Forgot the most important information. # uname -a Linux tbus90.msk.rgs-podm.ru 2.6.24-x86-64 #2.6.24.2 SMP Mon Feb 18 16:04:41 MSK 2008 x86_64 GNU/Linux It's mostly vanilla 2.6.24.2, with some irrelevant patches like unionfs --
On Sun, 09 Mar 2008 14:23:13 +0300 Seems that you was out of swiommu space (and aic79xx can't handle it though it should). This happened because: a) you produced more I/Os than swiommu can handle. b) swiommu space leaks due to bugs. If you hit this problem due to a), the following boot option might help: swiotlb=65536 The same machine run well with old kernels? If so, probably, 2.6.24 has new bugs that lead to swiommu space leak. --
Well, this makes little sense, right? I mean, if just a normal filesystem I/O produces more I/O requests than the machine can handle, - it means the kernel is broken. It shouldn't let the queue to grow without bounds. The hardware is quite capable - 14-drives raid10 array works which should be quite huge leakage, as it happens almost immediately, Just tried this option. Gzip is working for 15 minutes already, -- previously the system hanged within a first minute, usually first It's difficult to say if it was ok with older kernels. I'll try anyway. The thing is that this very workload is new for this machine. Once upon a time it hanged in a very similar way, but we had no time to debug the issue and just ignored it, in a hope for the best. By the way, is there something to look at, for swiommu space leaks -- like slabinfo for example...? Thanks! /mjt --
Actually, it's worse than this. The aic79xx is a fully 64 bit capable
PCI card, it shouldn't be using the iommu at all. However, it has three
DMA modes: 64 bit, 39 bit and 32 bit; with a corresponding resource
cost increasing with the number of bits. It employs special APIs to
size the masks according to the memory, in aic79xx_osm_pci.c:
if (sizeof(dma_addr_t) > 4) {
const u64 required_mask = dma_get_required_mask(dev);
if (required_mask > DMA_39BIT_MASK &&
dma_set_mask(dev, DMA_64BIT_MASK) == 0)
ahd->flags |= AHD_64BIT_ADDRESSING;
else if (required_mask > DMA_32BIT_MASK &&
dma_set_mask(dev, DMA_39BIT_MASK) == 0)
ahd->flags |= AHD_39BIT_ADDRESSING;
else
dma_set_mask(dev, DMA_32BIT_MASK);
} else {
dma_set_mask(dev, DMA_32BIT_MASK);
}
Could you firstly tell me how much memory you have, and secondly
instrument this code with the patch below to see if we can work out what
it's doing?
Thanks,
James
---
diff --git a/drivers/scsi/aic7xxx/aic79xx_osm_pci.c b/drivers/scsi/aic7xxx/aic79xx_osm_pci.c
index dfaaae5..d6e46ce 100644
--- a/drivers/scsi/aic7xxx/aic79xx_osm_pci.c
+++ b/drivers/scsi/aic7xxx/aic79xx_osm_pci.c
@@ -194,14 +194,21 @@ ahd_linux_pci_dev_probe(struct pci_dev *pdev, const struct pci_device_id *ent)

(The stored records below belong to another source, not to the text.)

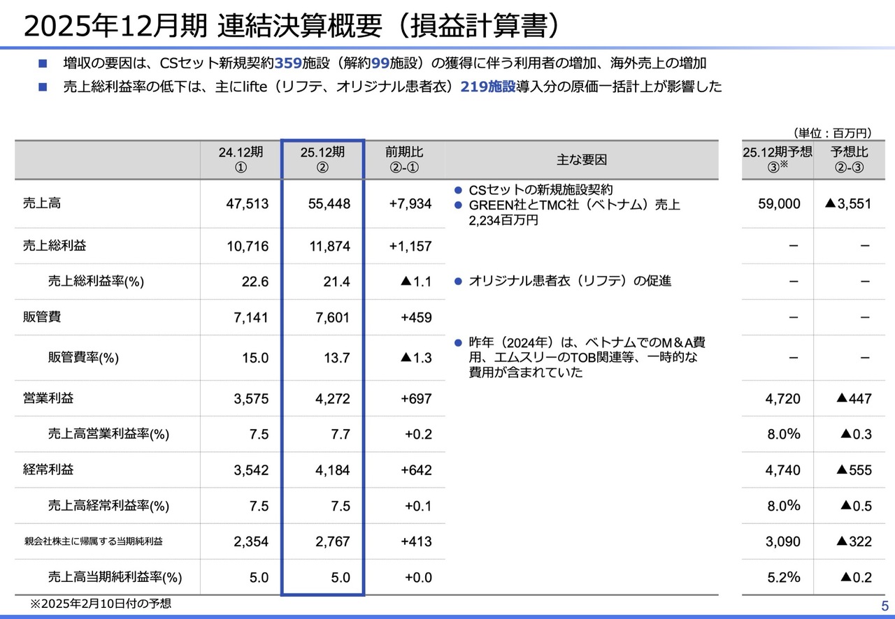 売上総利益率低下の主な要因は、お客さま満足度の向上、施設、お客さまのファン化、解約阻止を目的に2023年から導入を開始したオリジナル患者衣「lifte(リフテ)」が、2025年には219施設に導入されたことによるものです。
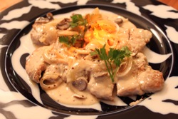 小麦粉をつけて焼いた豚ロース肉をたまねぎとマッシュルームをバターで炒めたお鍋に入れて、生クリーム、粒マスタード、塩で味付けして少し煮込みました。マスタードの酸味がほんのり効いていて、それでいて生クリームのまろやかさがあり、大変美味しくできたと思います。これは大人の女性に好評だったかな。残ったものを実家に持って行ったら家族にも好評でした。
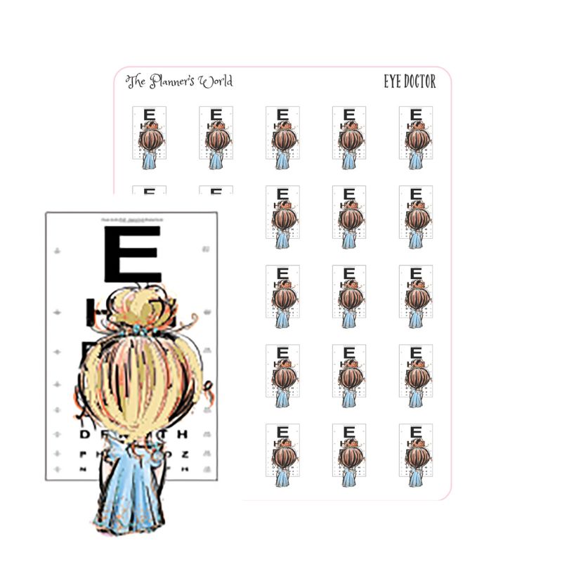 This is a set of stickers that can be used to mark Eye Doctor appointments in a planner, calendar or bullet journal.  They feature the back of a girls head with an eye chart in front of her.  What a cute reminder these stickers will make.
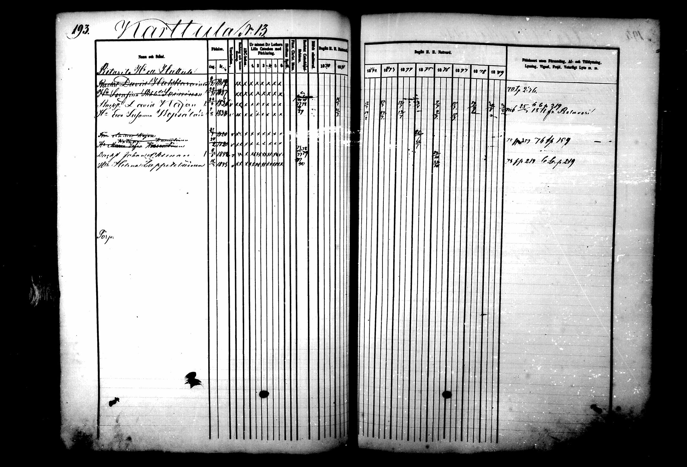 Karttula , Rippikirja, 1870-1880

if (sizeof(dma_addr_t) > 4) {
const u64 required_mask = dma_get_required_mask(dev);
+ printk("DEBUG: RETURNED REQUIRED MASK %llx\n",
+ (unsigned long long)required_mask);
+
if (required_mask > DMA_39BIT_MASK &&
- dma_set_mask(dev, DMA_64BIT_MASK) == 0)
+ dma_set_mask(dev, DMA_64BIT_MASK) == 0) {
+ printk("DEBUG: SET 64 BIT ADDRESSING\n");
ahd->flags |= AHD_64BIT_ADDRESSING;
- else if (required_mask > DMA_32BIT_MASK &&
- dma_set_mask(dev, DMA_39BIT_MASK) == 0)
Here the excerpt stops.